# Anyone ride at MMA in Meridian MS?



## Stogi (Feb 24, 2010)

Meridian Motorcycle Assoc. I was told about this place by some family members who ride there. The fee's are *$50 A YEAR*..:bigok: for the whole family. 800 acres , not much mud from what I hear, but some good trails. Crap... I can't get my crew into CCC for less than $125 a day, and it's not but another 15min driving time from my house. Oh yeah.... no drinking and helmets required.


----------



## Polaris425 (Dec 16, 2004)

Ive heard bad stuff, but it was from people who are only interested in mud... so... If you like trails I think its a good place to go. Once I get another quad lined up One saturday when ya'll are gonna be there let me know. It's not but about 1.5 hours from us.


----------



## Stogi (Feb 24, 2010)

Polaris425 said:


> Ive heard bad stuff, but it was from people who are only interested in mud... so... If you like trails I think its a good place to go. Once I get another quad lined up One saturday when ya'll are gonna be there let me know. It's not but about 1.5 hours from us.


Shoot yeah man!! I'll do that for sure. I looked at the pics and vids they have on the site.

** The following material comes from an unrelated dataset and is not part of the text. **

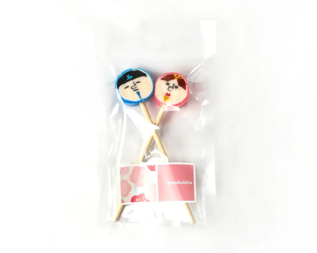 キャンディのラインナップには、棒付きキャンディとしてお内裏様とお雛様をセットにした商品が含まれます。写真撮影の小道具やひな祭りの演出アイテムとしての利用も想定し、見た目の完成度を高めたセットです。

The mud that is there isn't much to talk about , but, the trails seem to be pretty good.


----------



## hondarecoveryman (Feb 28, 2009)

Its a hour north of my house but i have never been , If you guys go I will meet you up there ,if it sucks we can ride a hour south to my place


----------



## Polaris425 (Dec 16, 2004)

sounds good. I'm going to look at a bike this afternoon. It will be perfect for trails until I put backs on it :rockn: and I plan on keeping those stockers on it for trails.


----------



## JoeBrute (Dec 2, 2009)

Hey folks, I havent been on here in a long time, I joined when the site first started up then somewhere along the line my username and pw got lost (was not recognized by the site), so I had to rejoin. Anyway yall should come check out the Meridian OHV park. I think it was originally for MX but they made trails for atv's. There is not a lot of mud mostly because of the soil type. The powerline there has a lot of sand so it soaks up the water pretty quick. There are some trails that are pretty challenging especially for inexperienced riders. It has a pretty nice camping area with a pavillion and grill. They do have a port a potty but no running water. There is also a public lake that joins the camping area where you can fish. BEWARE of all the broken glass/bottles at the waters edge! They have a hill there called headlight hill, I climbed it once on my brute but dont think I will be trying that again! There are some other hills there but most dont have much of a problem with them but make sure your brakes are good. The desert trail has a lot of whoops and is a lot of fun for kids. Anyway just trying to give a some insight as to what is there. I ride there pretty regular so if you have questions just ask.


----------



## phreebsd (Dec 16, 2004)

^ what was your old username?


----------



## Polaris425 (Dec 16, 2004)

phreebsd said:


> ^ what was your old username?


Same name... he means the old site.. Joe bought my Laws... At least, I'm pretty sure it's the same JoeBrute that bought my Laws.. :rockn:

I just picked up my scrambler last night, so I'm ready to ride!


----------



## JoeBrute (Dec 2, 2009)

Yep, same ol' Joe. I still have those 29.5's on my bike and they still look about new. Prolly gonna get some other tires and wheels for trail riding. I picked up a honda 300 4x4 a little while back that I have been tinkering with. I put a gear reduction and some 26" sti mud trax with ss12's on it. I kinda got big plans for it but all the maint. cost on the others has sloowed this project!!!! LOL If yall plan a trip to Meridian let me know so I can ride with ya.


----------



## Polaris425 (Dec 16, 2004)

Will do.


----------